§ **EXERCISE AIM**
In the entries below, begin at the line with "We provide member" and stop after the line with "Figure 1. Red"; output those lines exactly and omit the pictures.

Collected data
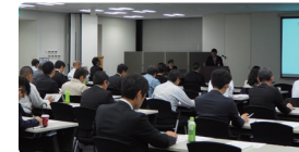
Seminar on leading environmental management

We provide member companies with information useful in their work with environmental management and administration, such as societal movements and laws and regulations related to environmental issues, technological information, and case examples from other companies through seminars and inspections. Study group meetings are also held by subcommittee members at their own places of study.
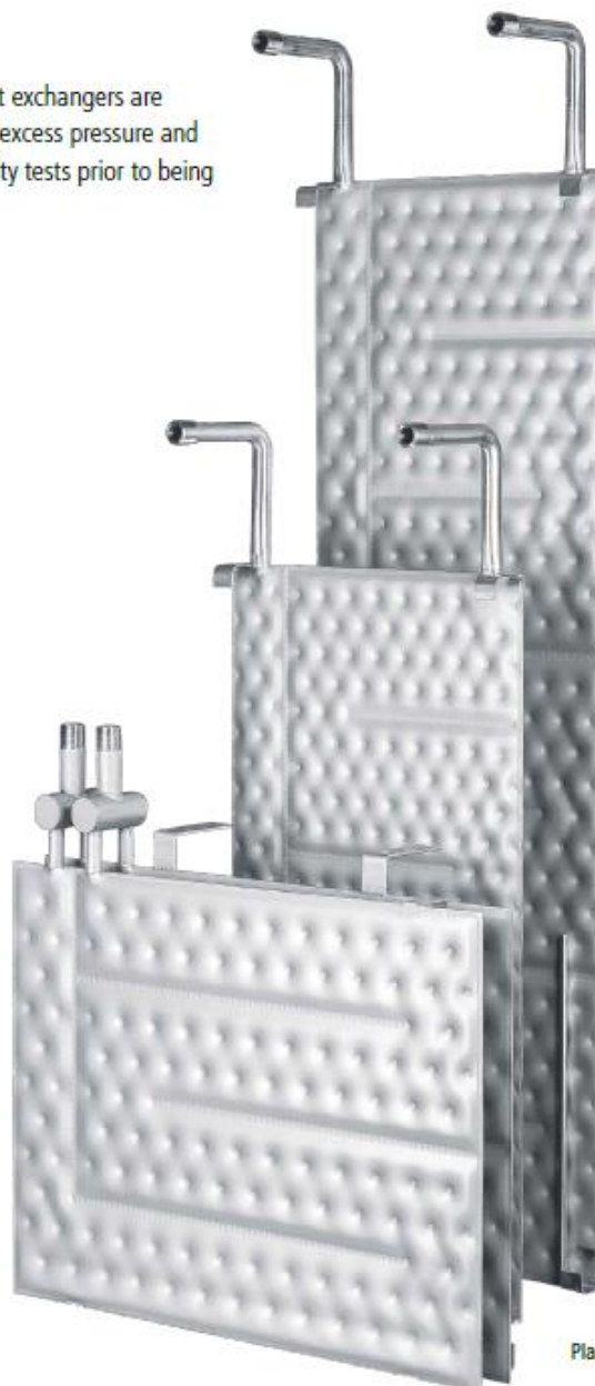
Plate heat exchanger SYNOTHERM®

All plate heat exchangers are subjected to excess pressure and impermeability tests prior to being delivered.
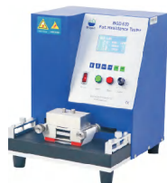
Rub Resistance Tester
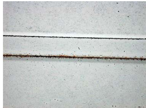
Figure 1. Red rust on tension bends of prepainted HDG.

Hot-dip galvanized steel is coated with zinc, which provides corrosion resistance to the steel substrate. After severe bending or forming, fine cracks may develop in either the paint or the zinc coating on the tension side of the bend. At the initial stage of corrosion, zinc sacrifices itself to protect the underlying steel. White corrosion products might be observed around the fine cracks in the paint on the tension bends since the products of zinc corrosion are white. As the corrosion progresses, the zinc underneath the paint is consumed and the paint flakes off since there is nothing for the paint to adhere to. Red rust may subsequently developed on the underlying steel. This process may take years to initiate depending on the environment, the paint system used, thickness of the zinc coating, and the severity of the strain or radius of the bend involved. Figure 1 shows an example of red rust on the tension bends of a prepainted HDG roofing panel after several years of outdoor exposure.

§ **RESPONSE**
We provide member companies with information useful in their work with environmental management and administration, such as societal movements and laws and regulations related to environmental issues, technological information, and case examples from other companies through seminars and inspections. Study group meetings are also held by subcommittee members at their own places of study.
Plate heat exchanger SYNOTHERM®

All plate heat exchangers are subjected to excess pressure and impermeability tests prior to being delivered.
Rub Resistance Tester
Figure 1. Red rust on tension bends of prepainted HDG.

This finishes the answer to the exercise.